• Entries taken from a collection:
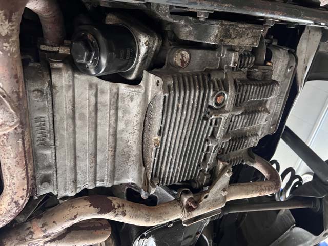 オートマチックトランスミッション、そしてディファレンシャルカバーまわりはなかなかのオイリー具合。要クリーニングです。
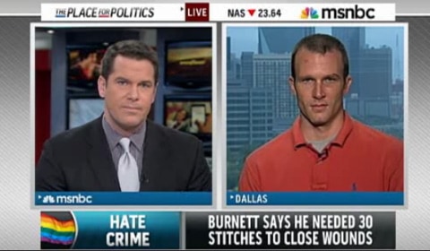 Today, Thomas Roberts spoke with Burke Burnett who was stabbed, beaten and burned in a vicious anti-gay attack in Reno, Texas last week. Burnett talked about the attack and the women who jumped in and helped save his life.
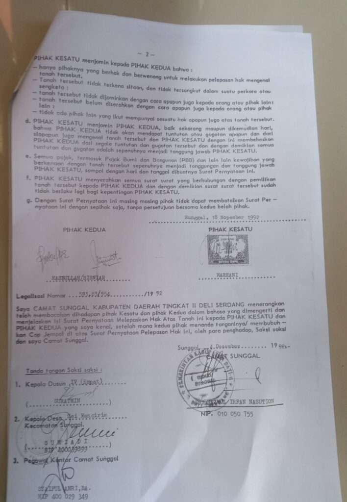 Suaraakademis.com||Sunggal — Polemik sengketa surat rumah peninggalan almarhum Hasbullah mencuat ke publik. Seorang warga bernama Sisniar, istri pertama almarhum, mengaku haknya atas rumah yang dibeli pada masa pernikahan sah tahun 1992 ditahan oleh kepala desa dan kepala dusun, dengan alasan harus dibagi kepada anak dari istri kedua almarhum.
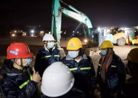 5小時后,35臺反鏟、10臺推土機(jī)、8臺壓路機(jī)從全市趕來通宵場平回填。
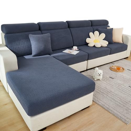 Milica Housse pour canapé d’Angle Relax avec assises Amovibles | Tissu Bután Super Extensible | Méridienne Longue à Droite | Protège-canapé Lavable et Facile à Installer | Couleur Bleu
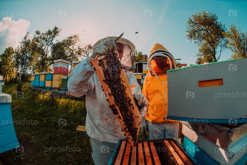 Пчеловоды проверяют мед на рамке улья в поле. Владельцы малого бизнеса на пасеке. Производитель натуральных здоровых продуктов питания работает с пчелами и ульями на пасеке
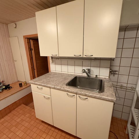 Keittiökaapit, tasot, allas / vesikalusteet ja liesituuletin uuden tieltä.
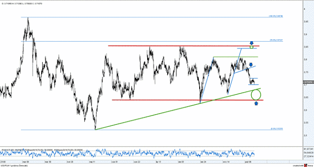 Moim zdaniem z większym prawdopodobieństwem należy oczekiwać przebicia pierwszego z wymienionych ograniczeń i kontynuacji sekwencji spadkowej zainicjowanej z początkiem bieżącego miesiąca. Docelowe zasięgi dla takiego scenariusza rozciągają się pomiędzy 3,64 a 3,68, gdzie dolne ograniczenie średnioterminowego trendu bocznego zbiega się istotną linią trendu poprowadzoną po minimach od połowy maja bieżącego roku. Moim zdaniem na tym poziomie dojdzie do uaktywnienia się strony popytowej, a w konsekwencji rozpocznie się budowanie kolejnej fali w ramach wspomnianej wcześniej kilkumiesięcznej konsolidacji.

• WHAT YOU SHOULD DO:
Begin with the line containing "Suaraakademis.com||Sunggal — Polemik", stop at the last line of the records above, and copy every line in between exactly, both ends included, with no pictures.

• SOLUTION FOR THIS PROBLEM:
 Suaraakademis.com||Sunggal — Polemik sengketa surat rumah peninggalan almarhum Hasbullah mencuat ke publik. Seorang warga bernama Sisniar, istri pertama almarhum, mengaku haknya atas rumah yang dibeli pada masa pernikahan sah tahun 1992 ditahan oleh kepala desa dan kepala dusun, dengan alasan harus dibagi kepada anak dari istri kedua almarhum.
 5小時后,35臺反鏟、10臺推土機(jī)、8臺壓路機(jī)從全市趕來通宵場平回填。
 Milica Housse pour canapé d’Angle Relax avec assises Amovibles | Tissu Bután Super Extensible | Méridienne Longue à Droite | Protège-canapé Lavable et Facile à Installer | Couleur Bleu
 Пчеловоды проверяют мед на рамке улья в поле. Владельцы малого бизнеса на пасеке. Производитель натуральных здоровых продуктов питания работает с пчелами и ульями на пасеке
 Keittiökaapit, tasot, allas / vesikalusteet ja liesituuletin uuden tieltä.
 Moim zdaniem z większym prawdopodobieństwem należy oczekiwać przebicia pierwszego z wymienionych ograniczeń i kontynuacji sekwencji spadkowej zainicjowanej z początkiem bieżącego miesiąca. Docelowe zasięgi dla takiego scenariusza rozciągają się pomiędzy 3,64 a 3,68, gdzie dolne ograniczenie średnioterminowego trendu bocznego zbiega się istotną linią trendu poprowadzoną po minimach od połowy maja bieżącego roku. Moim zdaniem na tym poziomie dojdzie do uaktywnienia się strony popytowej, a w konsekwencji rozpocznie się budowanie kolejnej fali w ramach wspomnianej wcześniej kilkumiesięcznej konsolidacji.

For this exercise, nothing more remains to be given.